Anatomy of a Production Outage
A detailed postmortem analysis of a cascading failure that brought down a payment processing system, and the systemic improvements that followed.
Executive Summary
On October 15th at 14:32 UTC, a routine database migration triggered a cascading failure across the payment processing pipeline. The outage lasted 47 minutes and affected approximately 12,000 transactions. This analysis examines the root cause, contributing factors, and the systemic improvements we implemented.
This is a reconstructed postmortem for educational purposes.

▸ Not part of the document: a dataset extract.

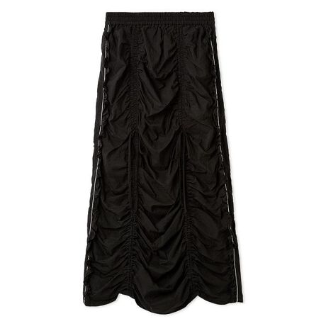 透け感のあるシアーナイロン生地でお作りしたスカート。共地のフリルやたっぷりと入ったギャザーにより動きのあるシルエットが特徴になっております。スカート自体の形はタイトなIラインをベースにしているので着用しやすい形です。前後のドロストリボンによりスカートの丈感を調整する事ができます。ミニスカート丈の裏地がついており、程よく肌見せができて抜け感のあるコーディネートが楽しめるアイテムになっております。同素材のRWFJ261053とセットアップで着用するのもおすすめ。
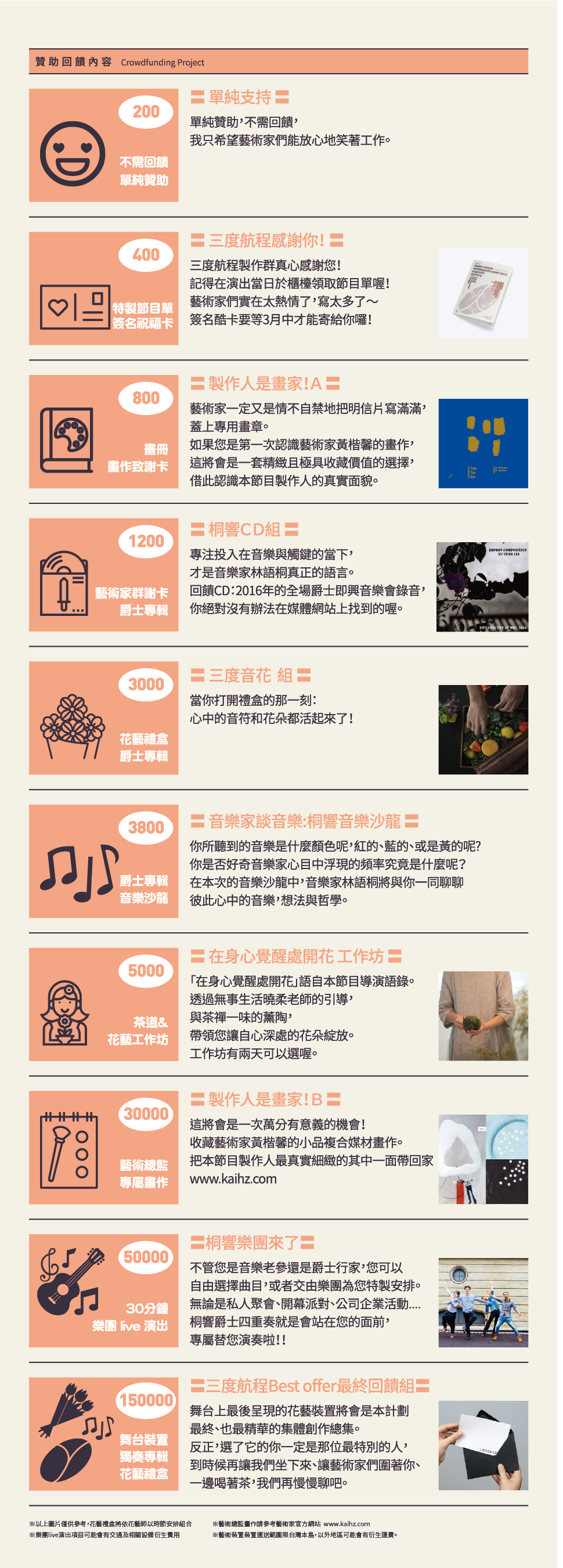礙於這此演出是對號座以及售票系統的各項繁瑣條件,我們沒有辦法在回饋項目中提供送票的選項,但為表示藝術家們對於參與贊助者的誠意與感恩心,我們在贊助回饋上提供了相當豐富的選項,同時也相當「跨領域」!希望能夠滿足每一位有意願贊助藝術家的朋友們,也期盼您以贊助作為實質行動的當下,同時帶還給自己和他人一顆溫暖的心。又,值得注意的是:雖然在3月8號的晚上「三度航程-跨領域音樂會」於誠品表演廳的節目就會演出結束了,但實際上在演出結束後藝術家們依舊還有屬於該計劃的後製工作需要持續進行,因此,該贊助計劃將會延續到節目演出結束後的3月12日,植樹節過完以後結束。雖然這是一個藝術類的表演節目,理念上我們希望一個啟始於ㄧ棵樹的計劃,也能在過完屬於一棵樹的節日後終止。於此「三度航程-跨領域音樂會」非常需要您的支持與贊助!

All identifying details have been anonymized.
Timeline
- 14:32 — Database migration begins on primary payment database
- 14:33 — Lock contention causes query latency to spike from 15ms to 2,400ms
- 14:35 — Connection pool exhaustion begins cascading to upstream services
- 14:38 — Circuit breakers trip across 6 dependent services
- 14:42 — Customer-facing error rate exceeds 40%
- 14:45 — Incident declared, on-call SRE begins investigation
- 15:02 — Root cause identified: long-running ALTER TABLE holding row locks
- 15:12 — Migration rolled back, connection pools begin recovering
- 15:19 — All services return to normal operation
Root Cause Analysis
The root cause was an ALTER TABLE operation that acquired an ACCESS EXCLUSIVE lock on the payments table. This lock was expected to complete in seconds based on staging tests, but production's significantly larger table size caused the operation to run for over 40 minutes.
Systemic Improvements
- Implemented online schema migration tooling (gh-ost) for zero-downtime DDL
- Added lock timeout configuration to all database migrations
- Created staging environments with production-scale data volumes
- Improved circuit breaker configuration to fail fast under database pressure
- Added connection pool monitoring with proactive alerting
Lessons Learned
“The gap between staging and production is where incidents hide. Close the gap or accept the risk.”